My final image before I leave, this was the last time our community got together apart from we had our first global conference 2022 last week, so there are a few more people there, that’s the community I’m a part of, GEANT, representative research and education networks, we’re altogether. We’re trying to make the future a better place slowly, slowly, step by step. I’m very proud to be a part of it.

That concludes my talk. Thank you very much.

Any questions or forever hold your peace? Thank you.

I’m slightly deaf, if you could speak up, I would appreciate it.

It is not me. It is the microphone that needs to speak up.

Can you hear me okay?

>> HENDRIK IKE: Yeah.

>> Thank you for the presentation. Very useful. Two question, to be sure, who is in France your member, I guess it is –

>> HENDRIK IKE: Renetar.

>> You have others in France, only one.

>> HENDRIK IKE: Only one.

>> The second, how do you connect with other European organizations like other centres in the area of the Internet I would say? My last point, it is not really a question, it is that as I am Chair of the end user, the perspective with ICANN, it could be interesting to have interaction with you.

Thank you.

>> HENDRIK IKE: I answered the first question, the French member.

For other parts of the Internet, there are yes and nos in our community. We’re slowly getting involved in the data level. Of course we know people in RIPE NRC, if we talk about a traditional research infrastructure like CERN, we service them. When we talk about Internet standards, our community, GEANT, we have social interactions but the way we interact, it is not as condition create as the way I just described to you with that infrastructural map.

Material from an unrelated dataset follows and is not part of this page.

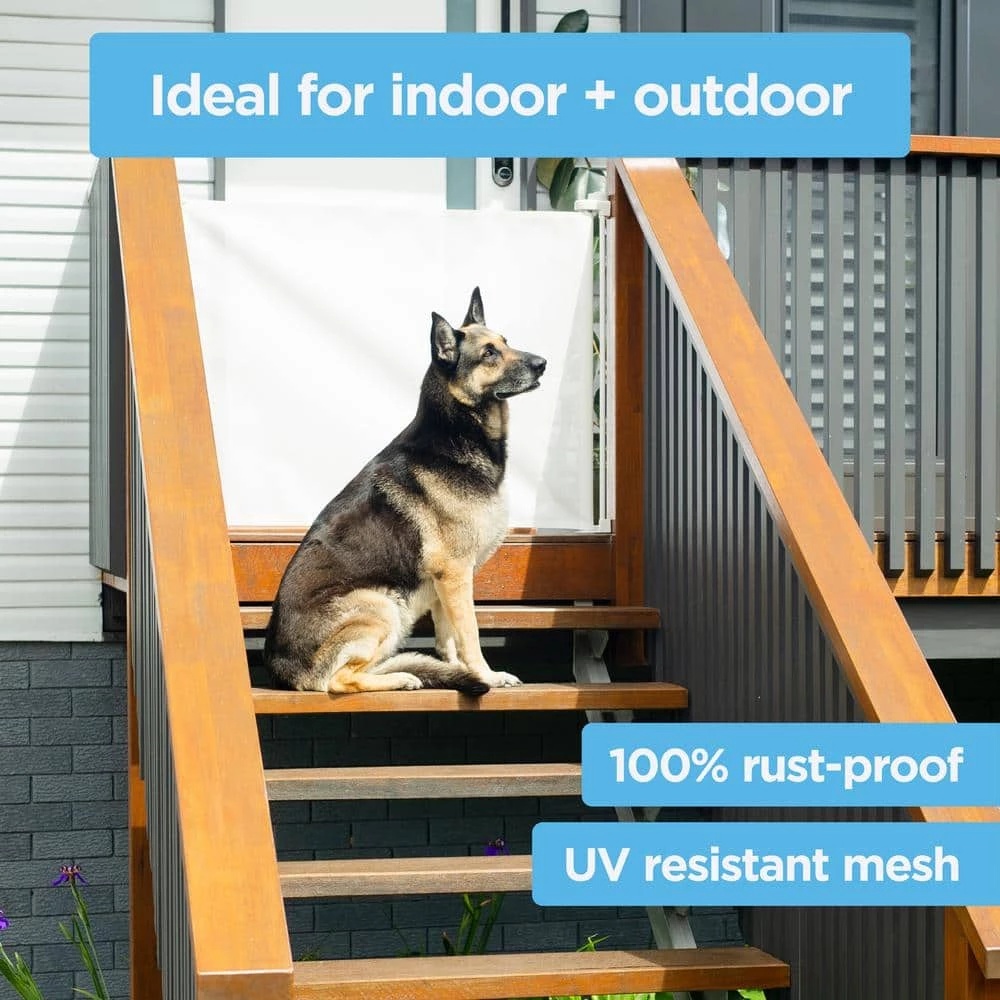 - Children and pets: built for functionality, the extra wide indoor/outdoor retractable gate works as both an infant gate and a pet gate to keep mischief contained by providing a safe, closed off environment to play; the durable mesh is designed to endure hazardous outdoor conditions and pets claws

Regarding ICANN and Internet Governance associations, ISOC as well, GEANT is slowly getting more and more involved in trying to be at the discussions and also the IGF, we presented last year on the group on earth observation and how our community can help enable the work they do there. From an Internet Governance perspective we’re starting from points of humble space but we have a strong history of people being involved in the Internet. With time, we’re hoping to build a stronger voice.